March 12, 2008 by John Schloegel  
Filed under Commentary, Sector Rotation

Market pundits have been all-too easily calling a double bottom based on the S&P 500’s action the past few days. I’ve read and heard from more than a few practitioners that we successfully tested the January 22nd lows and can now begin to build a new bull market. Things are never so textbook simple.

On the other hand, I’ve heard from an equal amount of folks that the S&P 500 is tracing a familiar path to what happened in the 2001/2002 bear market. They will tell you we are sloppily trading -15 to -20% off the highs, with intermittent rallies, only to have subsequent drawdowns and new lows. They will point back to the similar choppy action earlier in this decade’s bear market.

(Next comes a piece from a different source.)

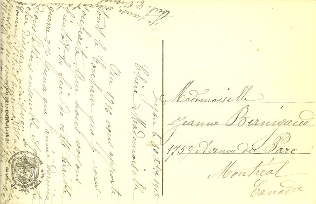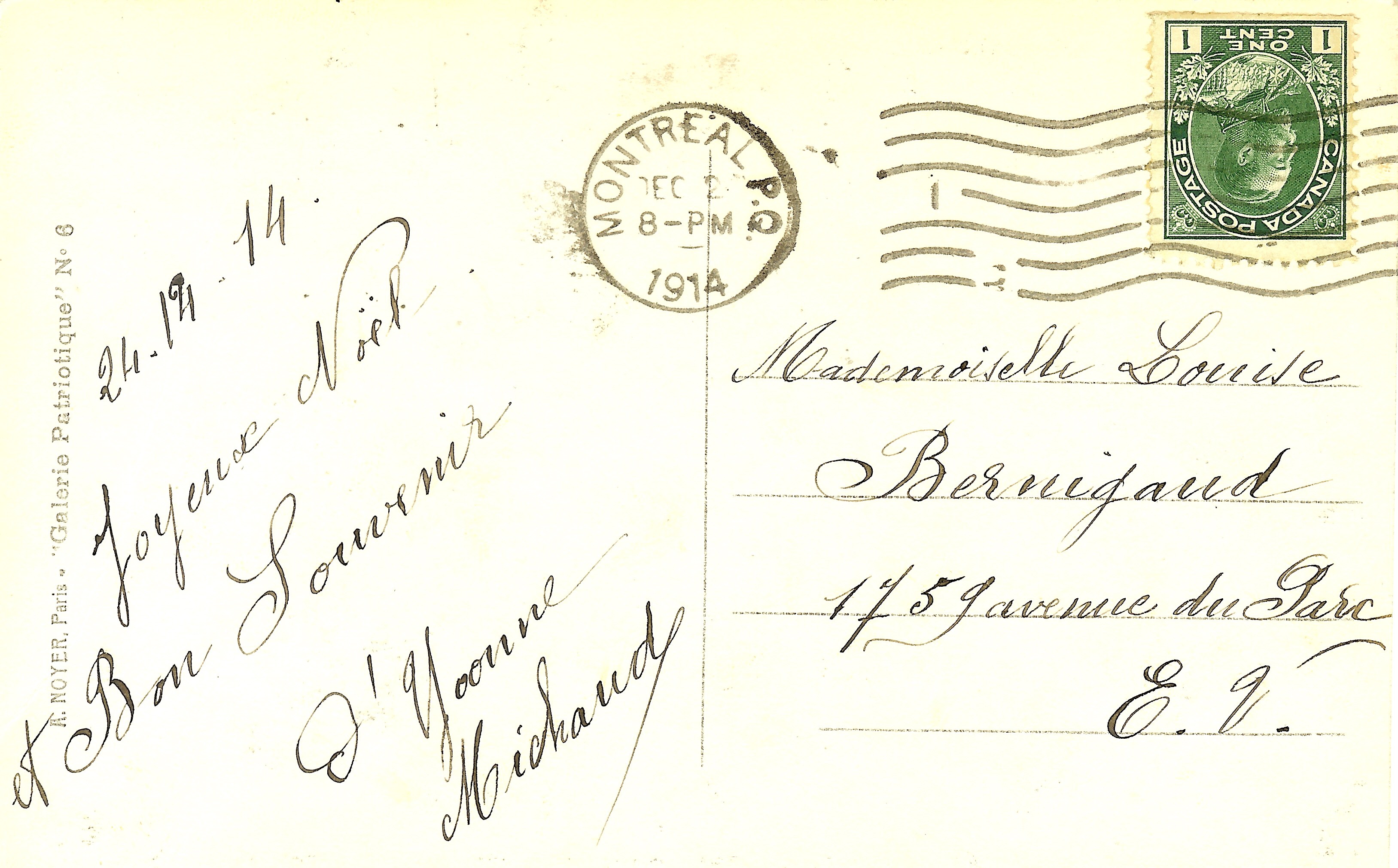 The first postcard (chronologically) was sent at Christmastime in 1914, from one Yvonne Michaud to Louise Bernigaud. It was posted in Montreal and contains the brief message “Joyeux Noël et Bon Souvenir.” There were several Yvonne Michauds in Montreal at the time. So no clues there.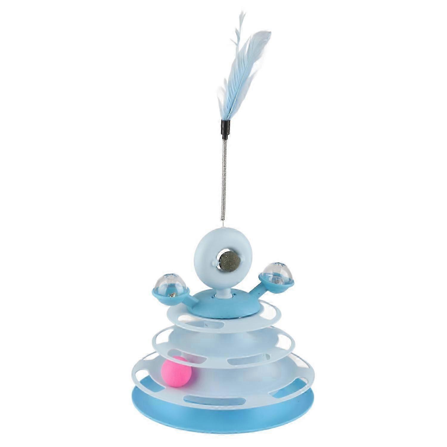 Cat Ball Tower Toy with Feather Catnip 4 Layer Rail Pet Turntable Game for Exercise Blue

Either way, does it necessarily matter exactly where we are at the present time? The best course of action is to spot the opportunities, avoid the calamities, maintain a prescription of core and counter strategies (always knowing you could be wrong), and seeking to capitalize on emerging trends that come along now and then. There is nothing in financial theory that says double bottoms occur every time, or past bear markets tend to repeat themselves in similar fashion over and over again.

Frankly, the old axiom is probably the best one to emulate — “The market can remain irrational longer than you can remain solvent.” Both bulls and bears have had difficult days of late, so be careful out there!